Former Wolves left wing-back Micky Gray believes the Old Gold’s approach to selling their best players has finally caught up with them, causing the dramatic fall-off so far this season.
Wolves have claimed just two points from the first 45 available and are 13 points adrift from safety ahead of their trip to Premier League leaders Arsenal. It has been 232 days since Wanderers last won in the English top flight and in that time the club has had three managers, two sporting directors and one technical director.
To say Wolves are unsettled is an understatement, and Gray, who played 47 times for the Old Gold between 2007 and 2009, reckons this campaign’s struggles have been down to the failure to replace those sold.
Wolves dealt ‘it doesn’t work that way’ verdict by former player
As much as Wolves have done fairly well to kick on despite selling the likes of Pedro Neto, Matheus Nunes, Ruben Neves and Maximilian Kilman in the past two years, letting Matheus Cunha and Rayan Ait-Nouri depart for the Manchester clubs in the summer was a step too far.
Gray thinks Wolves’ status as a selling club was always going to catch up with them eventually and that this campaign’s results so far are a direct result of the summer business – as well as the failure to properly replace the two star men who left.
In an exclusive interview with BirminghamWorld, Gray said: “There's a time where all these great players that Wolves have had over the last five, six, seven years... you can't keep selling your best players and replacing them and think that the roses are going to keep growing in the garden. It doesn't work that way.
“I think they've now found themselves in a position where the players coming to the club now are just nowhere near as good as the ones that have left. You know, you talk about Cunha and Ait-Nouri, two great players who left just in the summer and you replace them with, what do you call them, mediocre players, if you like. And it's not going to fit.
“Then the problem is managers who were coaching these players who were walking through the door, you try and get the best out of them and it's just impossible to do. They might be actually giving their best, but their best is just not good enough.”
Is there a way back for Wolves?
There’s still a long time way to go before the end of the season, even if it has already felt like an age for Wolves fans watching their struggling team. But with plenty of time remaining comes a snippet of hope that Wanderers can perform a miracle and escape the drop.
Make no mistake, it would take such a miracle for Wolves to stay in the top flight considering they are already 13 points adrift from 17th.

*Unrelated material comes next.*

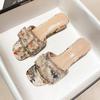 Red slippers women's tide wear thick heel non-slip rhinestones summer 2025 new printed outdoor women's sandals shoes
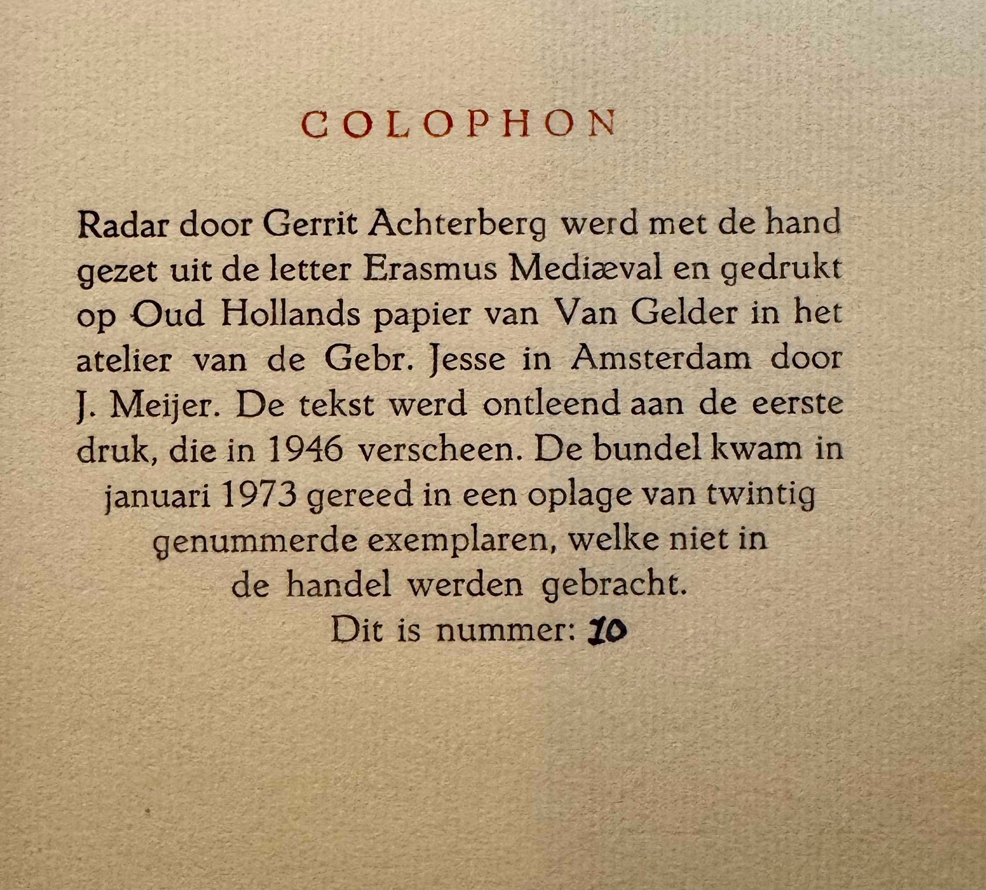 2de druk; Nr 10 van 20; op (getint) Oud Hollands papier van Van Gelder; Letter: Erasmus-Mediaeval; Druk: in lichtrood en zwart door J. Meijer [op de proefpers] in het atelier van de Gebr. Jesse; lichtgrijs papieren omslag met belettering in lichtrood en zwart. Als nieuw, niet opengesneden.

But the Old Gold breaking their duck with a win – either an unlikely victory at Arsenal or in a more winnable clash against Brentford before Christmas – could provide a lift.
As much as survival is possible, Gray isn’t so optimistic. “I think deep down, Rob [Edwards] is probably thinking to himself now, look, we're that far away from even getting out of the bottom three that it’s going to be an uphill task throughout the whole of the season,” Gray added.
“But he's got to set targets for his team of not having the lowest points tally come the end of the season. I think it's Derby County at the minute. And it's one game at a time for Rob, and he'll know that. January's a big month for him, he's just got to try and freshen up that squad if he possibly can. Just get a point or a result from somewhere that just gives everybody that little bit of hope on and off the field, and you never know,” Gray concluded.